Oralities & Literacies – Chapter 2 – Story-based Trauma Healing

The following is a chapter from the book ‘Oralities and Literacies: Implications for Communication and Education‘.  A chapter will be posted here each week.

Chapter 2 – Story-based Trauma Healing

by Harriet Hill

In this chapter, I give a rationale and history of the development of Trauma Healing. In a second section, I explain the development of the Story-based Trauma Healing for oral communicators. Finally, I discuss outcomes: results, lessons learned, and possible implications for the broader field of orality.

What is the good news in today’s world where one-in-every-seven people have experienced significant trauma? Wars, riots, terrorist attacks, displacement, trafficking, Ebola, HIV, earthquakes, floods fill the evening news, not to speak of the less visible but widespread domestic abuse that turns home sweet home into war zone. Dr. Diane Langberg has said that trauma is the biggest mission field of the 21st century. If this is true, what is the good news?
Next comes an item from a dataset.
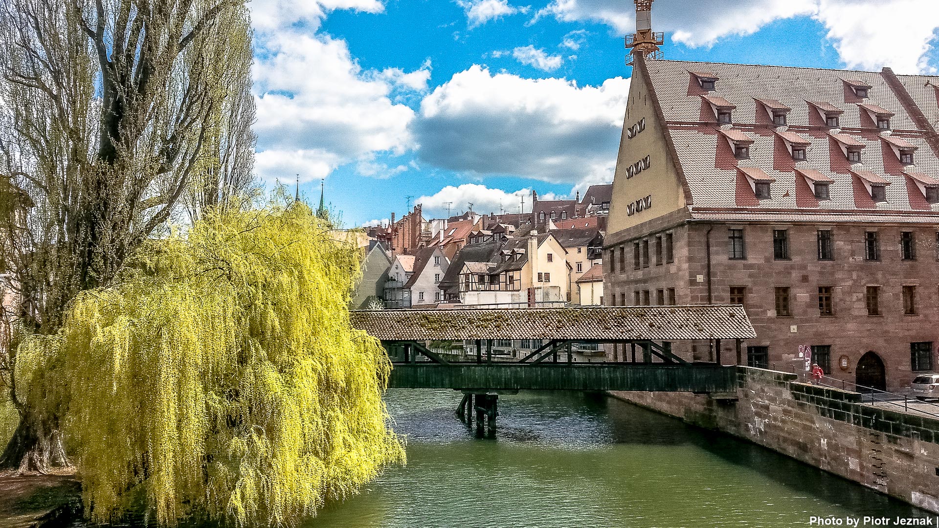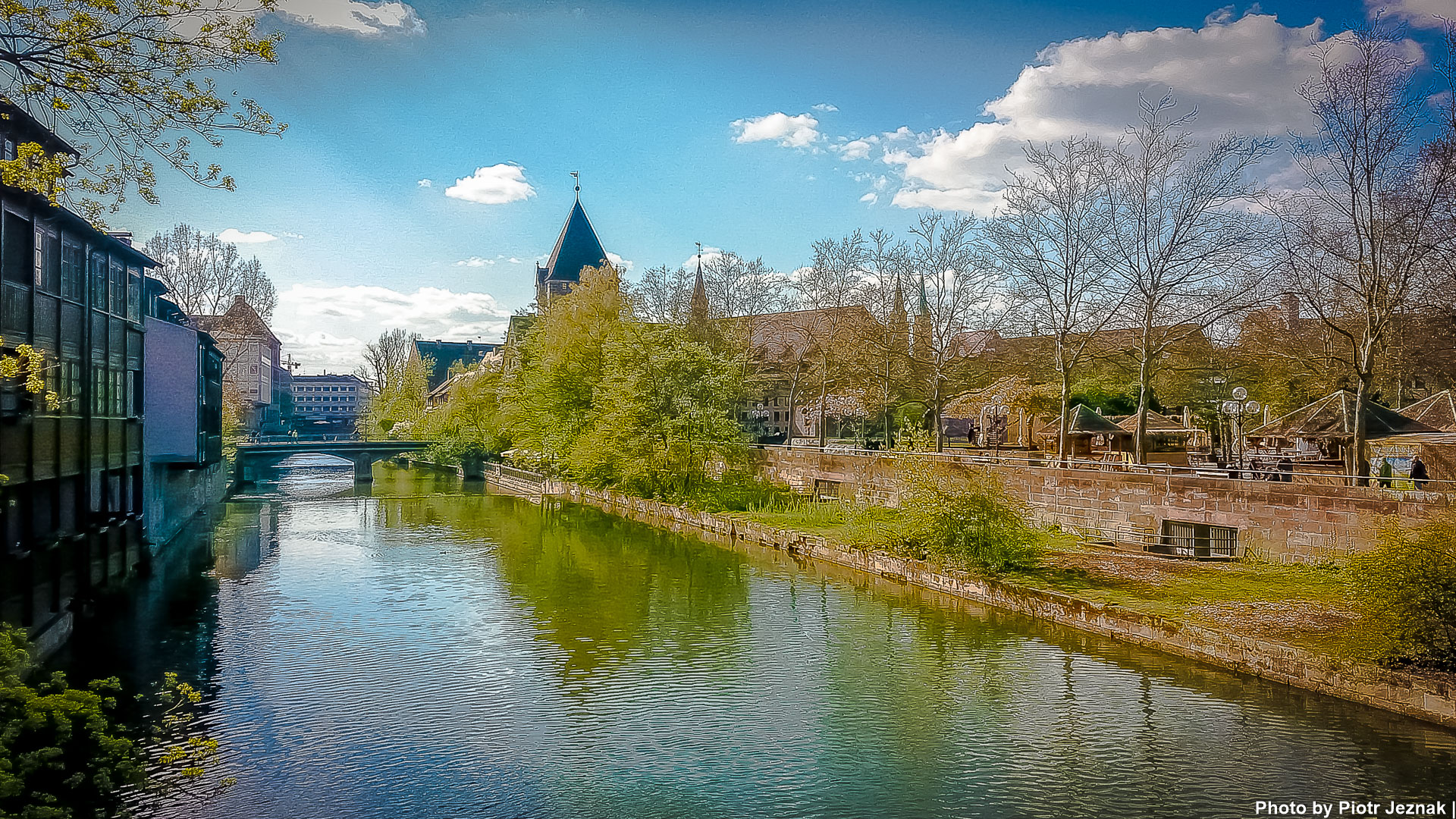 - The Heubrücke over the Pegnitz in Nuremberg. On the right side the Schuldturm (tower).

Trauma isolates. It isolates us from one another. It isolates us from God. It even isolates parts of our brain from each other. It stresses our bodies so we are more likely to become ill. It dissociates us from the present, from our past and from the ability to think about the future. And it is passed on to our children, both by their experience and in their genes. Can people recover? Does the Bible have anything to say about suffering?
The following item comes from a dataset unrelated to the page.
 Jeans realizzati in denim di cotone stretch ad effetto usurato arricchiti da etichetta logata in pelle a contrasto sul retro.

Rationale and History of Trauma Healing

In 2001, a small group of Wycliffe missionaries, mental health professionals, and church leaders met in Nairobi to answer the question coming from pastors in war zones: “Our people are acting strangely since the attacks. What can we do?” Little did that group know what would become of their efforts. Lessons that fused Bible and mental health principles were drafted, and over time, tested, taught and translated into languages of Africa. Word got out and requests came pouring in. By 2010, “Healing the Wounds of Trauma” was translated into more than 150 languages for communities around the world. I have served as chief editor and designer, but the plural ‘we’ is the best pronoun to use to describe the development of this ministry.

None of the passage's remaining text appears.